CETIN a.s. is a Czech wholesale telecommunications infrastructure company headquartered in Prague. It owns and operates fixed and mobile telecommunications networks in the Czech Republic and provides network infrastructure and electronic communications services to telecommunications operators. The company is wholly owned by CETIN Group N.V., which is in turn wholly owned by PPF Group.

CETIN was established on 1 June 2015 through the separation of the telecommunications infrastructure and wholesale business of O2 Czech Republic from its retail operations. Originally named Česká telekomunikační infrastruktura a.s., the company adopted the name CETIN a.s. on 1 January 2020.

== History ==
CETIN was established on 1 June 2015 when O2 Czech Republic separated its telecommunications infrastructure and wholesale business from its retail operations. The fixed network, mobile infrastructure, data centres and related wholesale activities were transferred to the newly created Česká telekomunikační infrastruktura a.s.

PPF Group, which already controlled about 95% of CETIN, acquired the remaining shares through a squeeze-out completed in 2016. The company adopted the name CETIN a.s. on 1 January 2020.

Also in 2020, PPF separated the infrastructure businesses of its telecommunications operators in Bulgaria, Hungary and Serbia and combined them with the Czech CETIN business under CETIN Group. Singaporean sovereign wealth fund GIC acquired a 30% stake in the group in 2022, while PPF retained 70%.

In 2024, CETIN Group was reorganised as part of PPF's partnership with the UAE telecommunications group e&. Its infrastructure businesses in Bulgaria, Hungary and Serbia were transferred out of the group, leaving the Czech CETIN business within CETIN Group. PPF subsequently repurchased GIC's 30% stake and again became the group's sole owner.

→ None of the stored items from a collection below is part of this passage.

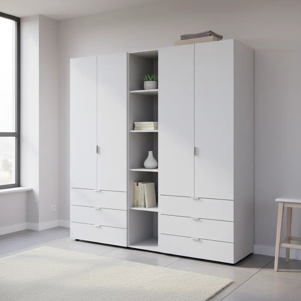 Характеристики Шафа Doros Гелар з Етажеркою Білий 2+2 ДСП 193.2х49.5х203.4 (42005031)
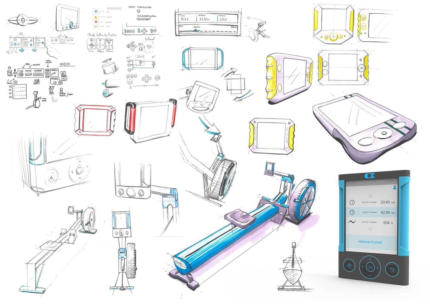 Blue Line is a rower monitor designed to be more inviting and motivating that current options on the market. It aims to invite novice users to explore indoor rowing and challenge themselves to give more.
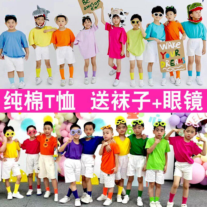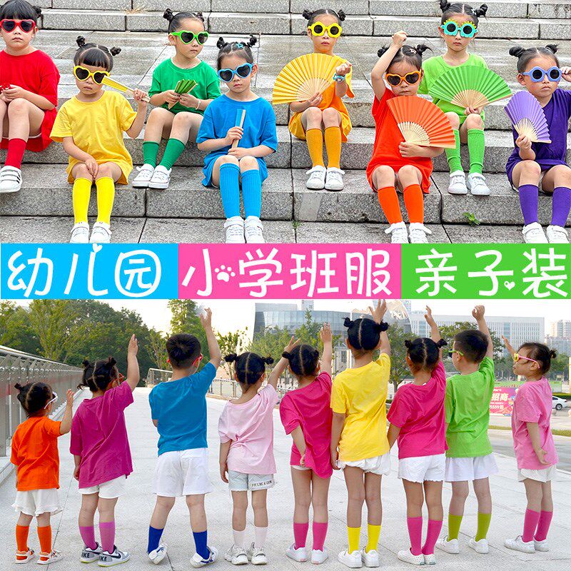 儿童彩色t恤纯棉小学生运动会班服定制短袖糖果色幼儿园亲子服装

== Network and operations ==
CETIN operates telecommunications infrastructure on a wholesale basis and does not provide services directly to end users. Its customers include O2 Czech Republic, T-Mobile Czech Republic and Vodafone Czech Republic, as well as other telecommunications operators.

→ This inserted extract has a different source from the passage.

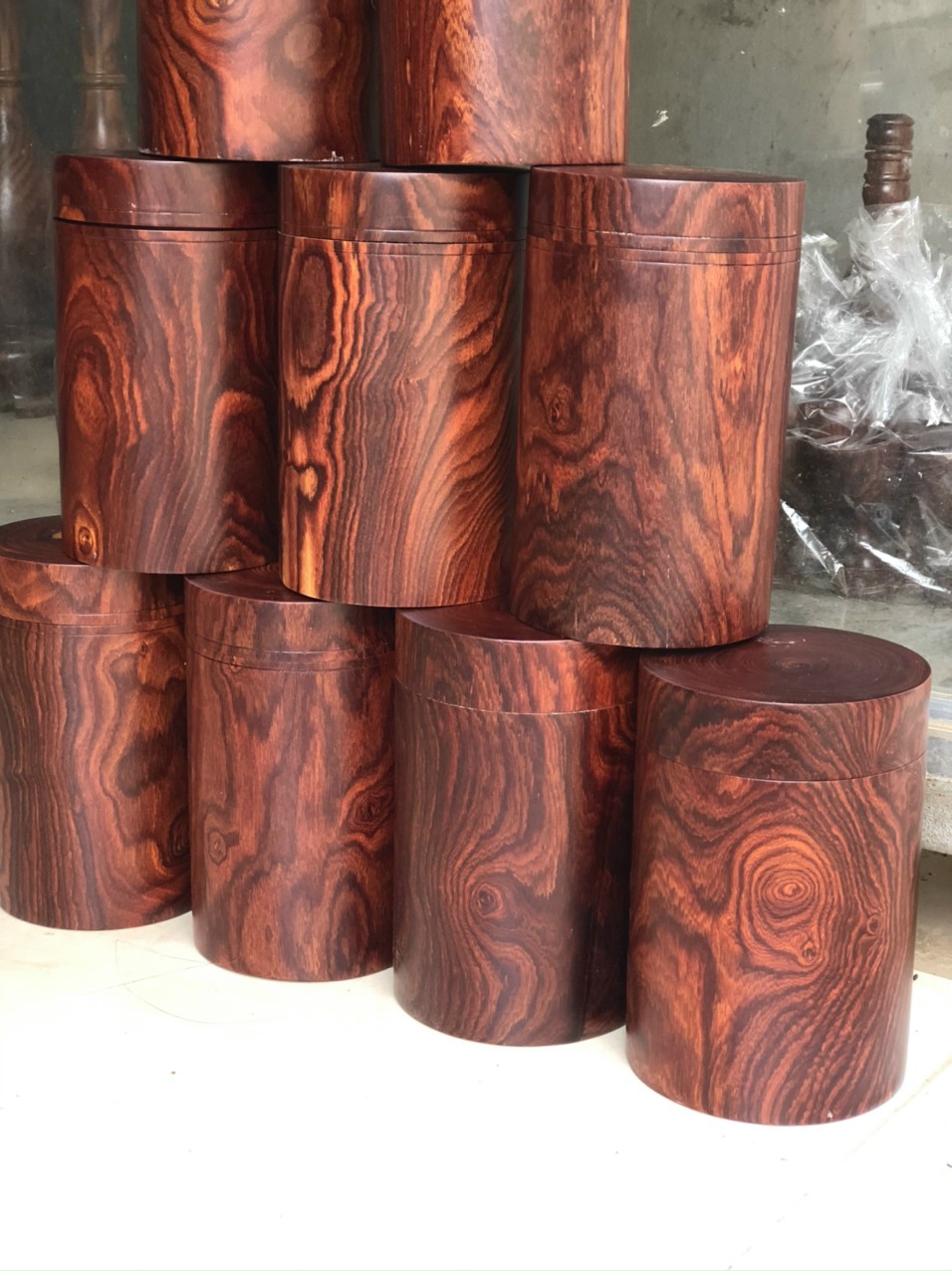 Hộp trà tròn gỗ trắc dây. Cao 20cm. LH: 0983432462

The company operates the largest fixed-access network in the Czech Republic, using both fibre-optic and metallic lines. It provides wholesale broadband access, leased lines, network interconnection and data-centre services. At the end of 2025, the network had about 1.32 million active fixed connections and an average available download speed of 507 Mbit/s. The number of active FTTH/B connections increased by 23% during the year.

CETIN also owns and operates mobile network infrastructure. Under a network-sharing agreement with T-Mobile Czech Republic, CETIN operates the radio access network in the eastern part of the country, while T-Mobile operates the corresponding network in the west. Prague and Brno are excluded from the geographic sharing arrangement.

CETIN reported that its rollout of 5G technology was largely completed by the end of 2025.